Task prompt:
Reproduce only the lines below from the line containing "El Consorcio UKMFC" to the line containing "Elevate your home", exactly as written, with both end lines kept. Omit the pictures.

(Dataset items)
::::::
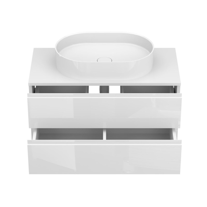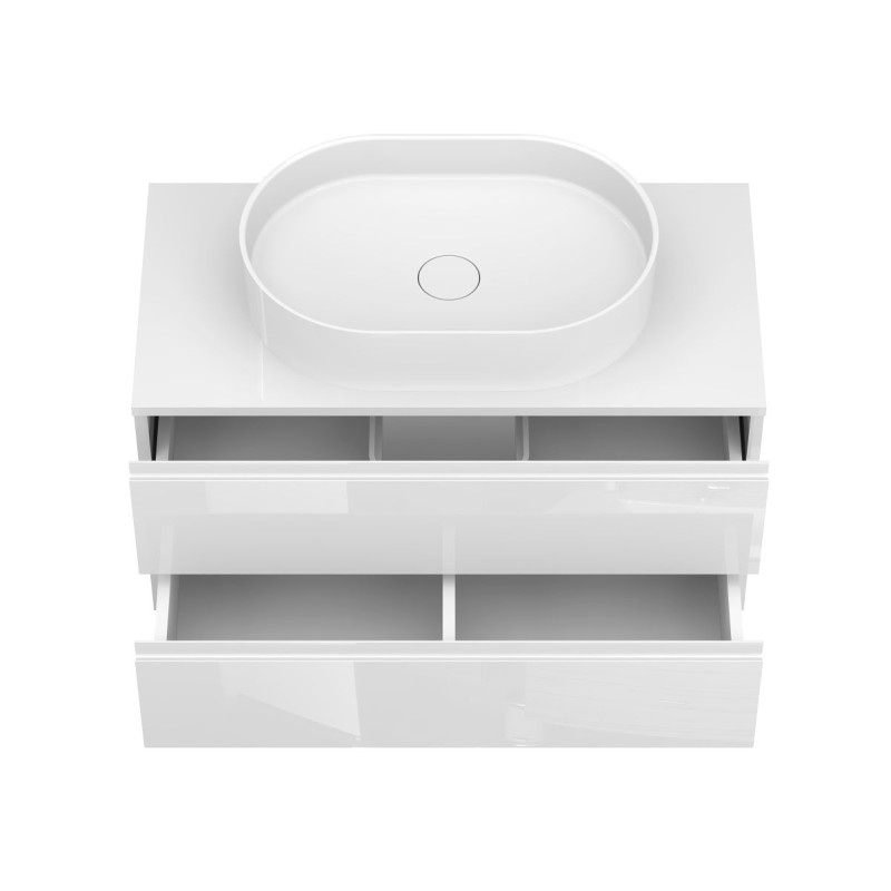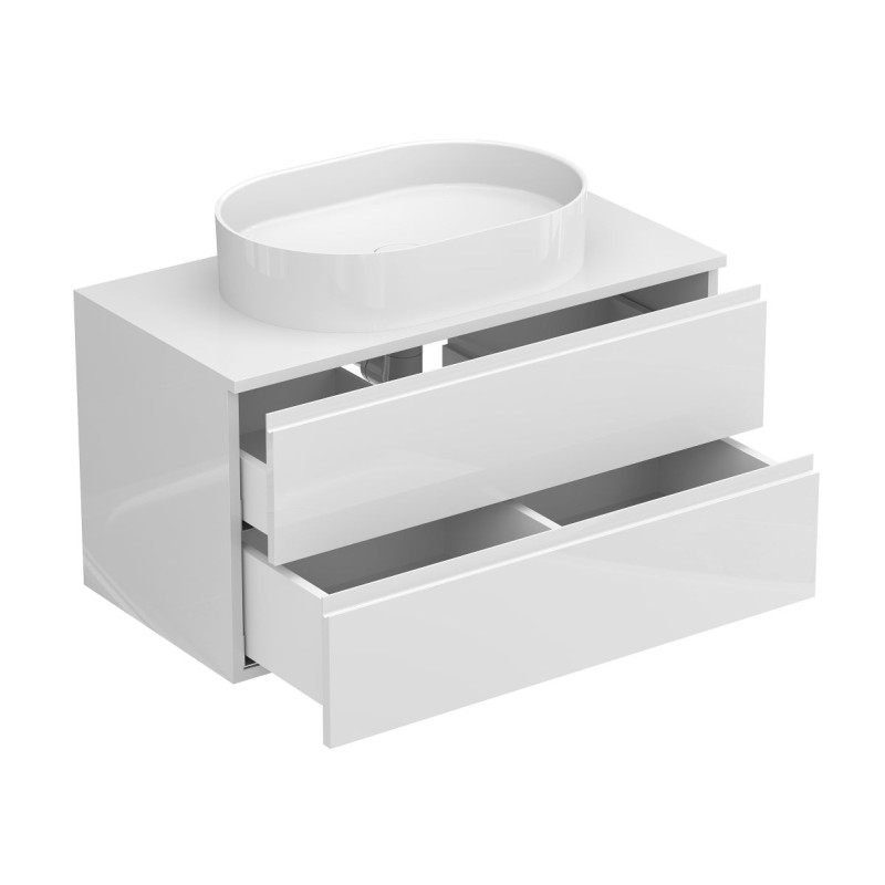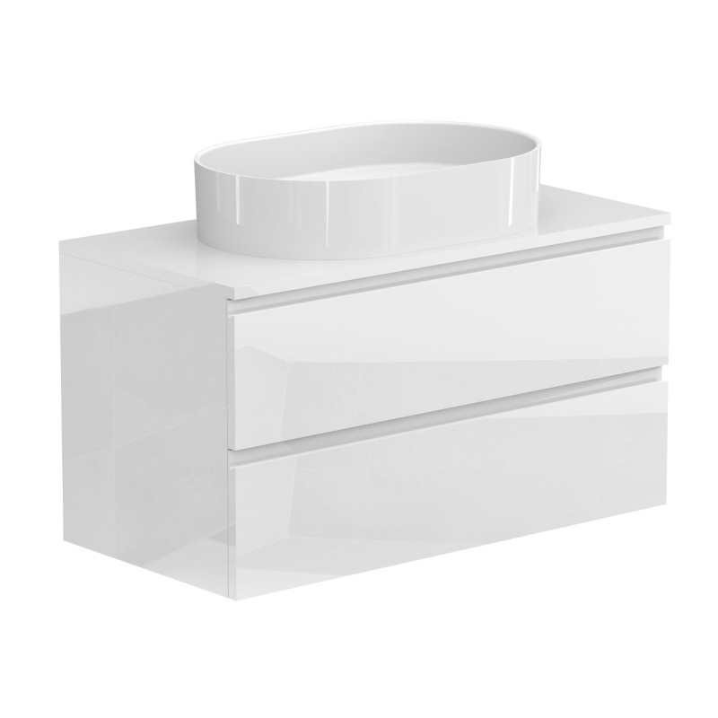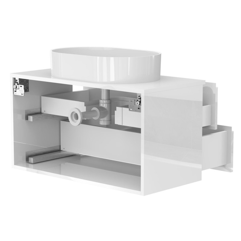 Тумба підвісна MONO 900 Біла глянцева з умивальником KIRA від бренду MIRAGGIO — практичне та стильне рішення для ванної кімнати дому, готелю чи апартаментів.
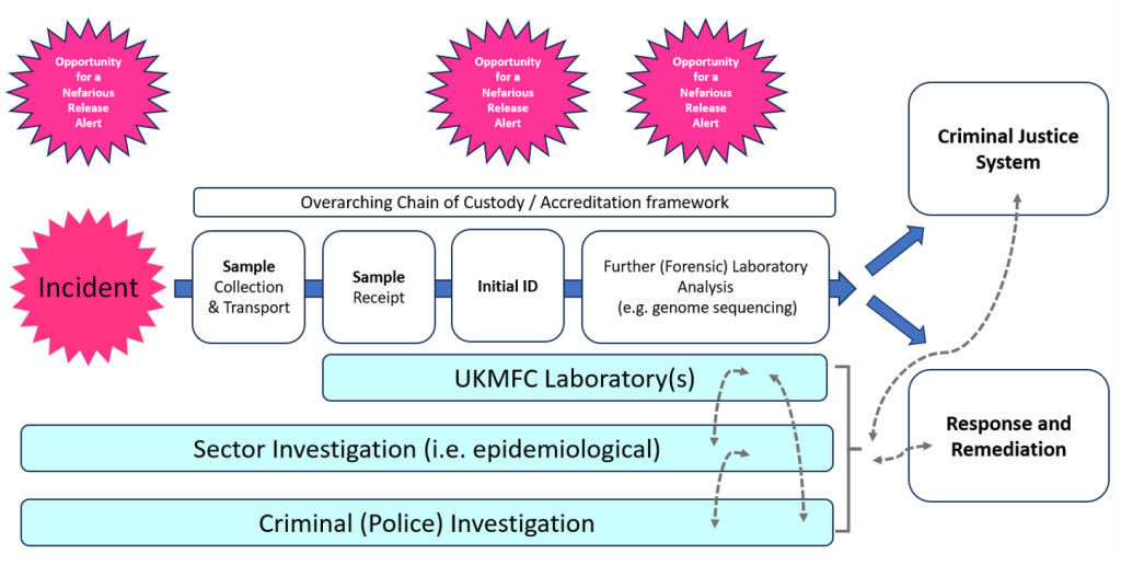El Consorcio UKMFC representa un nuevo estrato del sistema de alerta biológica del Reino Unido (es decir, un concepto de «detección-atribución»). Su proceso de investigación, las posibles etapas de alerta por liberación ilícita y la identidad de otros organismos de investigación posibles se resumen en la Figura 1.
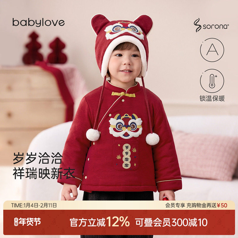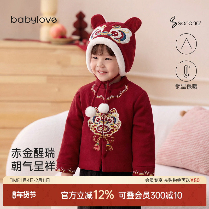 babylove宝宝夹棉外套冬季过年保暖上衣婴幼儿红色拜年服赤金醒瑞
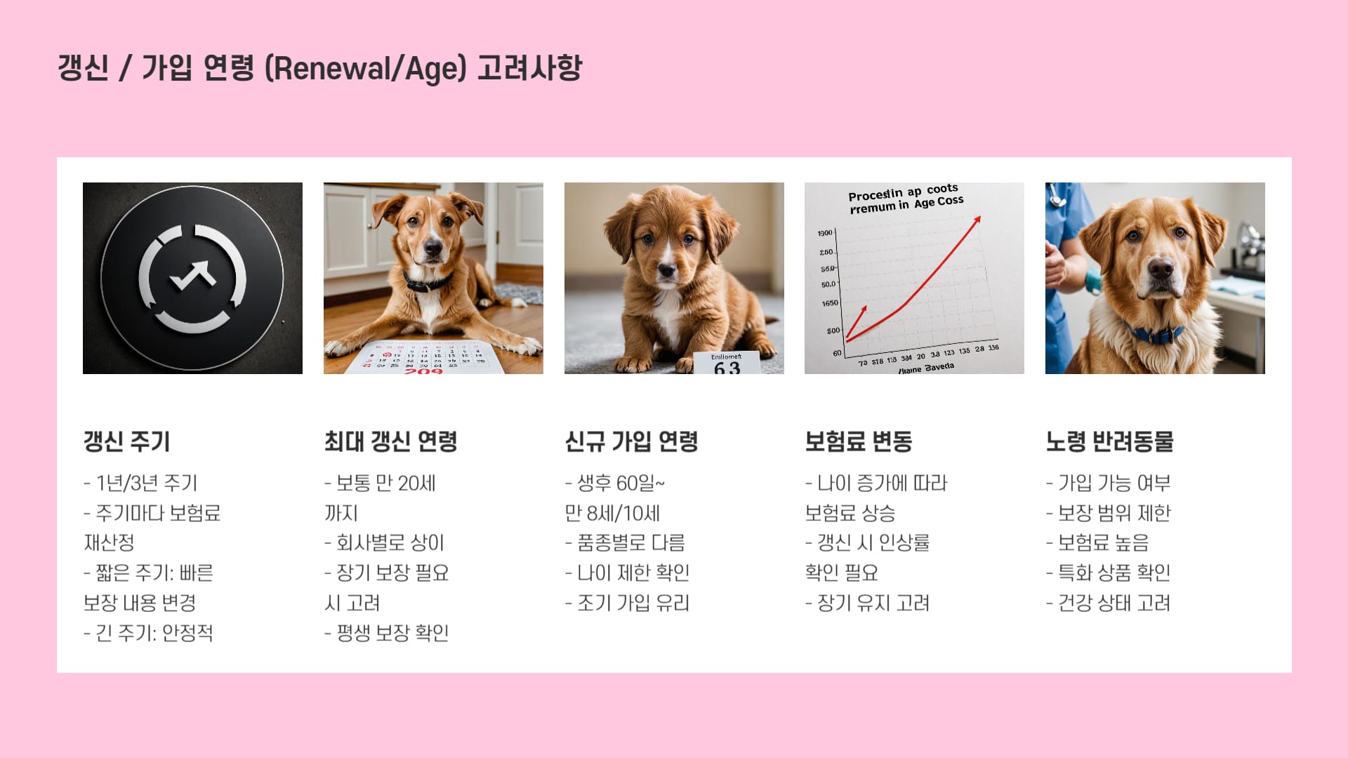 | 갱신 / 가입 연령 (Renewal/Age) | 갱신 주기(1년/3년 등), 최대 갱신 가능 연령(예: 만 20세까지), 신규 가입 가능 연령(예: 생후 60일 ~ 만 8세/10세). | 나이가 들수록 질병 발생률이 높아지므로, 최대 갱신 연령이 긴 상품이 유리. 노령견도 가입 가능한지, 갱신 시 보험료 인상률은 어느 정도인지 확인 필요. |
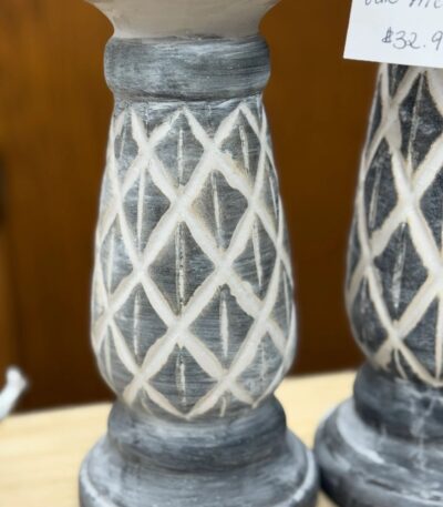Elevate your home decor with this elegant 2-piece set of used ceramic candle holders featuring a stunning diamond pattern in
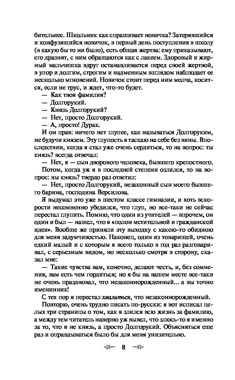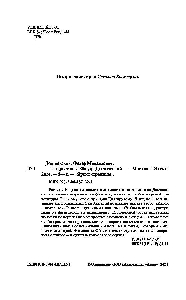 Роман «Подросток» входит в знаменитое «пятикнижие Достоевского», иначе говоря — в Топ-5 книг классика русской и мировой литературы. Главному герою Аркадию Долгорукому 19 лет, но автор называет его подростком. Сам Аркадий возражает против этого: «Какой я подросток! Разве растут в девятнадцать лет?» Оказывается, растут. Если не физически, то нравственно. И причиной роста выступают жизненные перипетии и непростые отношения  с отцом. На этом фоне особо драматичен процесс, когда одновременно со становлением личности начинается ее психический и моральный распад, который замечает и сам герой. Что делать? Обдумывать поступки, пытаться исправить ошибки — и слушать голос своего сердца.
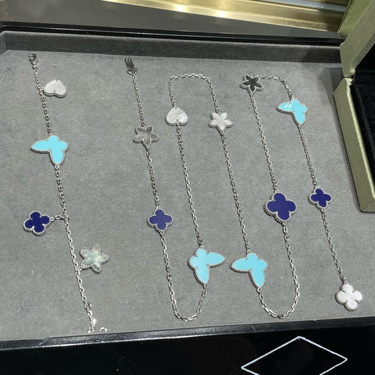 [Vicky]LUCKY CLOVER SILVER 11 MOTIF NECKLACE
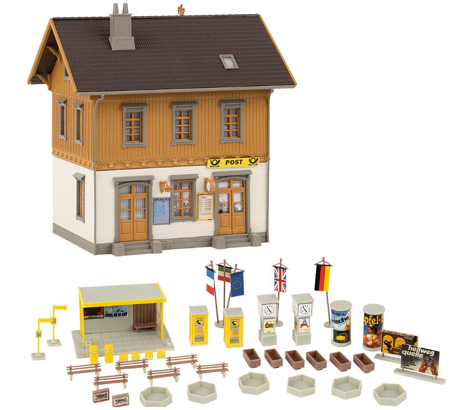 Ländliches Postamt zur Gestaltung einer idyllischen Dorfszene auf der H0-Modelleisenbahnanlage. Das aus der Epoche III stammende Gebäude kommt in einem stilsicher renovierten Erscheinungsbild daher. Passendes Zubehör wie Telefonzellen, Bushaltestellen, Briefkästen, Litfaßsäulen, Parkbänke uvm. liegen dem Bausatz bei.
::::::
Your solution:
El Consorcio UKMFC representa un nuevo estrato del sistema de alerta biológica del Reino Unido (es decir, un concepto de «detección-atribución»). Su proceso de investigación, las posibles etapas de alerta por liberación ilícita y la identidad de otros organismos de investigación posibles se resumen en la Figura 1.
 babylove宝宝夹棉外套冬季过年保暖上衣婴幼儿红色拜年服赤金醒瑞
 | 갱신 / 가입 연령 (Renewal/Age) | 갱신 주기(1년/3년 등), 최대 갱신 가능 연령(예: 만 20세까지), 신규 가입 가능 연령(예: 생후 60일 ~ 만 8세/10세). | 나이가 들수록 질병 발생률이 높아지므로, 최대 갱신 연령이 긴 상품이 유리. 노령견도 가입 가능한지, 갱신 시 보험료 인상률은 어느 정도인지 확인 필요. |
Elevate your home decor with this elegant 2-piece set of used ceramic candle holders featuring a stunning diamond pattern in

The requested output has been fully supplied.